What to work on ▸ Reproduce the whole listing exactly, omitting any picture it holds.

Provided material ▸
□ □ □ □

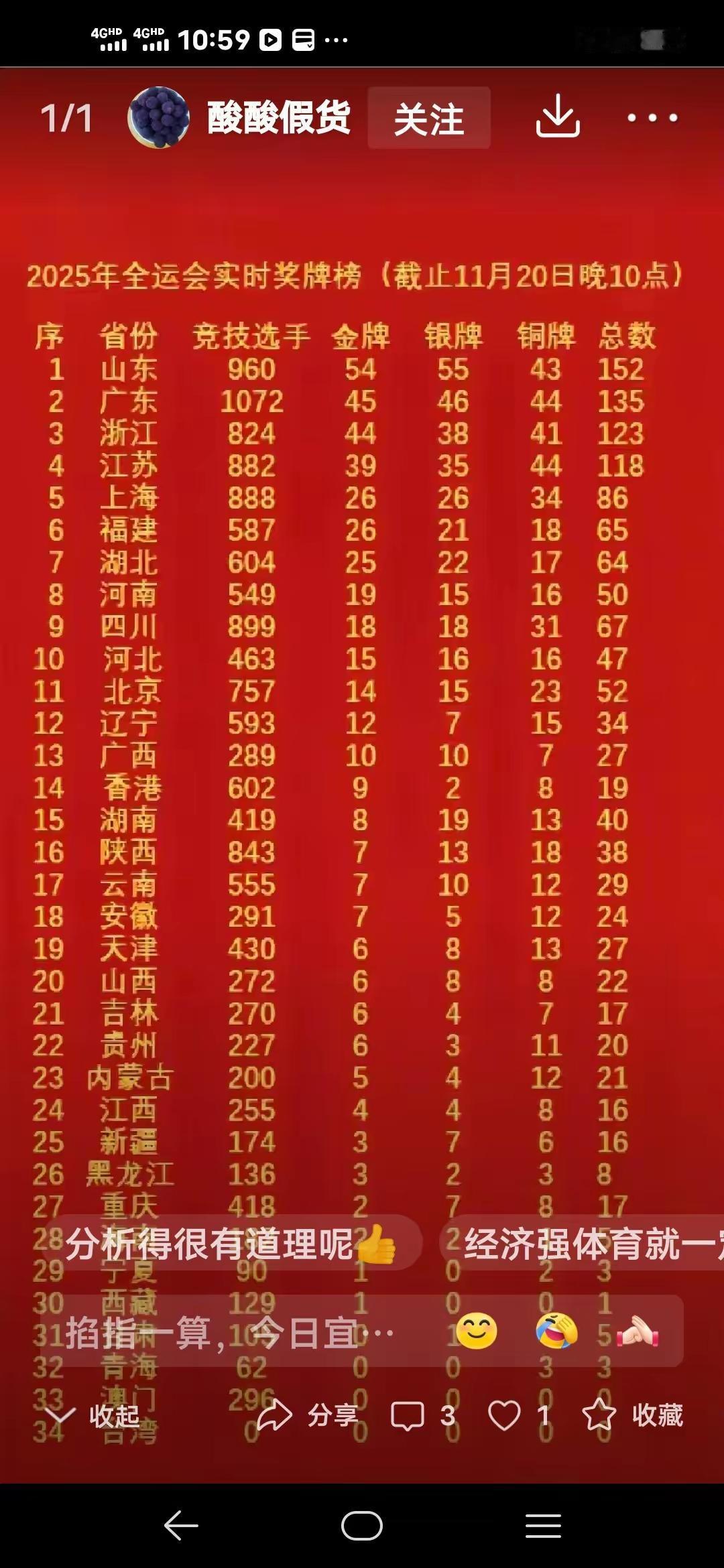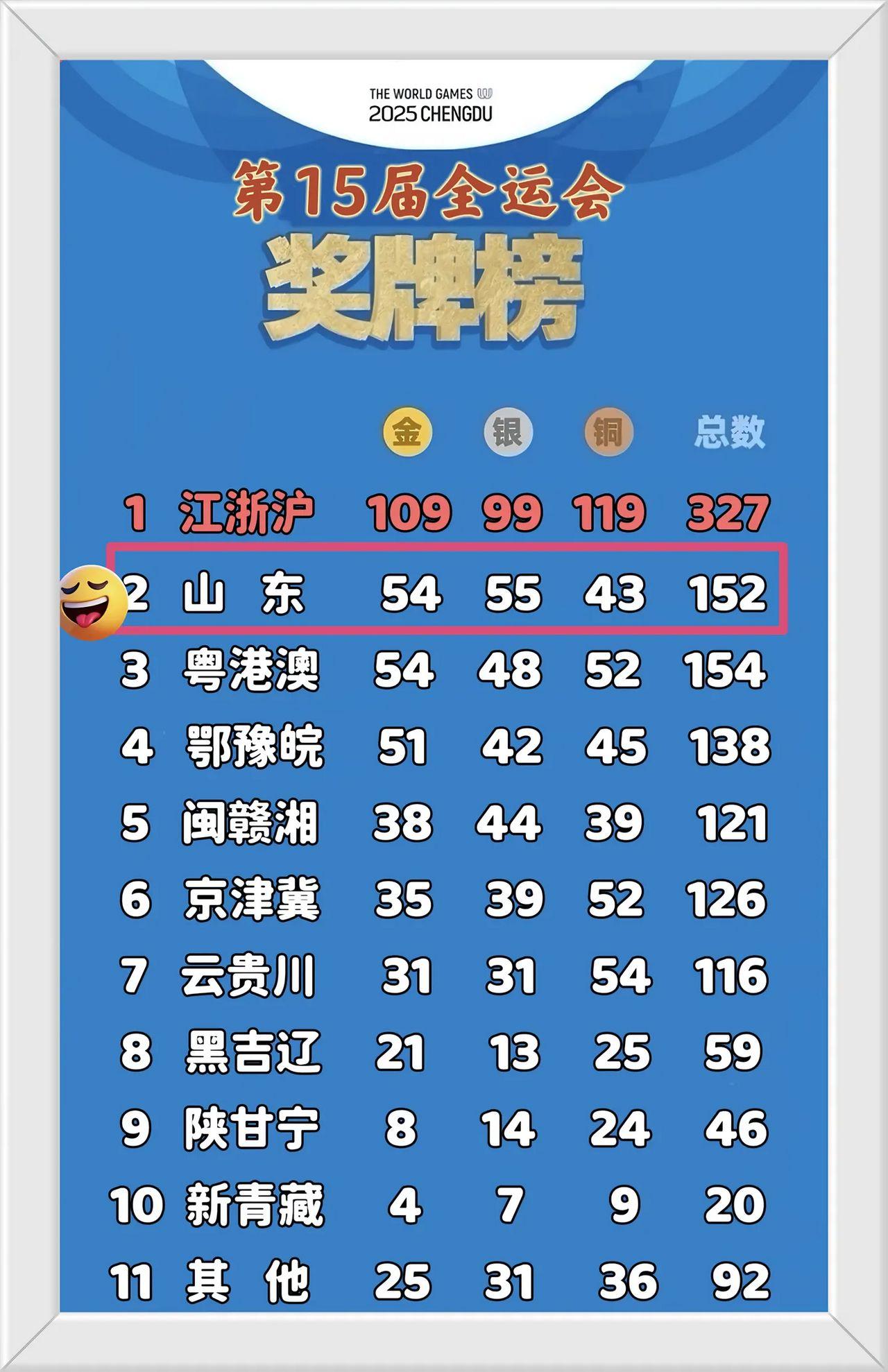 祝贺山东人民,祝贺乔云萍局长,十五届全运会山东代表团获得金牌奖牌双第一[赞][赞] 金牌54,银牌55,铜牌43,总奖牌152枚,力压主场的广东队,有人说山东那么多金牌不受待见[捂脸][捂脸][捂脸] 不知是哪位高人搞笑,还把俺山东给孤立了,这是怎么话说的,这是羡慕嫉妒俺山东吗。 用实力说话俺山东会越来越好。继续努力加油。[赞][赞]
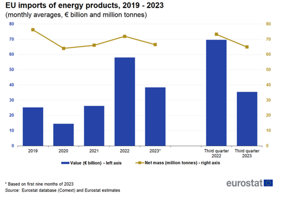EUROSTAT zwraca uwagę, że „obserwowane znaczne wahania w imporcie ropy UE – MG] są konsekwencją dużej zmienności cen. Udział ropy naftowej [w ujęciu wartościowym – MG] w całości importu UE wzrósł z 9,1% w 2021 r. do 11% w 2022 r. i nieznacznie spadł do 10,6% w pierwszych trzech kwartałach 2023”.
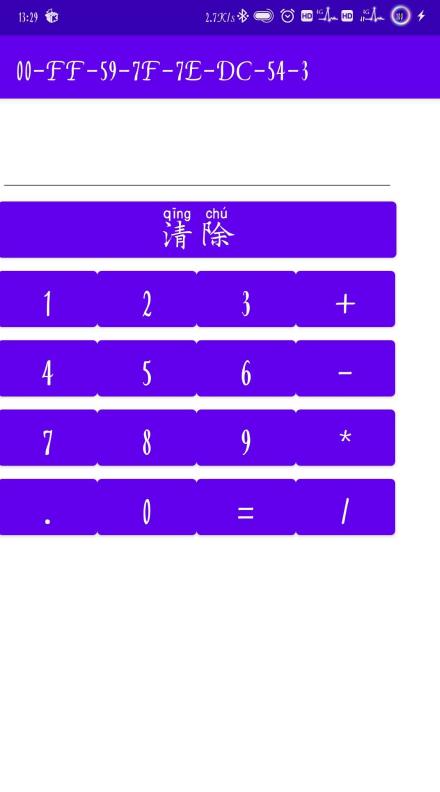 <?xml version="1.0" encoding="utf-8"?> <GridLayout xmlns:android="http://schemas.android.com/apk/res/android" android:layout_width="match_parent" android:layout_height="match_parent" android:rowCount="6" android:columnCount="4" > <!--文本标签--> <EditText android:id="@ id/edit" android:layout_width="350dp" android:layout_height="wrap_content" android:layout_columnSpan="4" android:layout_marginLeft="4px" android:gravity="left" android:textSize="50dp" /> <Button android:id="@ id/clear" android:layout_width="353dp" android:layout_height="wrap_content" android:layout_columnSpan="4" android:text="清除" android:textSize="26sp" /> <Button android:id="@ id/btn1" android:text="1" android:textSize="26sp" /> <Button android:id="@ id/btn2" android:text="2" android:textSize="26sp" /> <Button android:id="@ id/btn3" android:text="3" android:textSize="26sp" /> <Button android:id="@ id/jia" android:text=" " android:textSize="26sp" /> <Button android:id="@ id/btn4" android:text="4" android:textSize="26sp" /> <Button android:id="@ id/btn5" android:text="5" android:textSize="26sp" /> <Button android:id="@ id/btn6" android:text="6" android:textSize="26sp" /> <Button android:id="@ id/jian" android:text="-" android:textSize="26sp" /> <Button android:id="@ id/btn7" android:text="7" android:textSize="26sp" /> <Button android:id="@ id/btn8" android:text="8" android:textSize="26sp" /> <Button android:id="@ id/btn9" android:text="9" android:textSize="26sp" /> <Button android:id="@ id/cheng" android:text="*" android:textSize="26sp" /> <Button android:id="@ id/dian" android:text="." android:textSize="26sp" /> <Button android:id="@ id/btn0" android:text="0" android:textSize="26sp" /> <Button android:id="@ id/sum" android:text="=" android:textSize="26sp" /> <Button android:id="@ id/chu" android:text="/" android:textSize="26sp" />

□ □ □ □

Answer below ▸
 祝贺山东人民,祝贺乔云萍局长,十五届全运会山东代表团获得金牌奖牌双第一[赞][赞] 金牌54,银牌55,铜牌43,总奖牌152枚,力压主场的广东队,有人说山东那么多金牌不受待见[捂脸][捂脸][捂脸] 不知是哪位高人搞笑,还把俺山东给孤立了,这是怎么话说的,这是羡慕嫉妒俺山东吗。 用实力说话俺山东会越来越好。继续努力加油。[赞][赞]
EUROSTAT zwraca uwagę, że „obserwowane znaczne wahania w imporcie ropy UE – MG] są konsekwencją dużej zmienności cen. Udział ropy naftowej [w ujęciu wartościowym – MG] w całości importu UE wzrósł z 9,1% w 2021 r. do 11% w 2022 r. i nieznacznie spadł do 10,6% w pierwszych trzech kwartałach 2023”.
 <?xml version="1.0" encoding="utf-8"?> <GridLayout xmlns:android="http://schemas.android.com/apk/res/android" android:layout_width="match_parent" android:layout_height="match_parent" android:rowCount="6" android:columnCount="4" > <!--文本标签--> <EditText android:id="@ id/edit" android:layout_width="350dp" android:layout_height="wrap_content" android:layout_columnSpan="4" android:layout_marginLeft="4px" android:gravity="left" android:textSize="50dp" /> <Button android:id="@ id/clear" android:layout_width="353dp" android:layout_height="wrap_content" android:layout_columnSpan="4" android:text="清除" android:textSize="26sp" /> <Button android:id="@ id/btn1" android:text="1" android:textSize="26sp" /> <Button android:id="@ id/btn2" android:text="2" android:textSize="26sp" /> <Button android:id="@ id/btn3" android:text="3" android:textSize="26sp" /> <Button android:id="@ id/jia" android:text=" " android:textSize="26sp" /> <Button android:id="@ id/btn4" android:text="4" android:textSize="26sp" /> <Button android:id="@ id/btn5" android:text="5" android:textSize="26sp" /> <Button android:id="@ id/btn6" android:text="6" android:textSize="26sp" /> <Button android:id="@ id/jian" android:text="-" android:textSize="26sp" /> <Button android:id="@ id/btn7" android:text="7" android:textSize="26sp" /> <Button android:id="@ id/btn8" android:text="8" android:textSize="26sp" /> <Button android:id="@ id/btn9" android:text="9" android:textSize="26sp" /> <Button android:id="@ id/cheng" android:text="*" android:textSize="26sp" /> <Button android:id="@ id/dian" android:text="." android:textSize="26sp" /> <Button android:id="@ id/btn0" android:text="0" android:textSize="26sp" /> <Button android:id="@ id/sum" android:text="=" android:textSize="26sp" /> <Button android:id="@ id/chu" android:text="/" android:textSize="26sp" />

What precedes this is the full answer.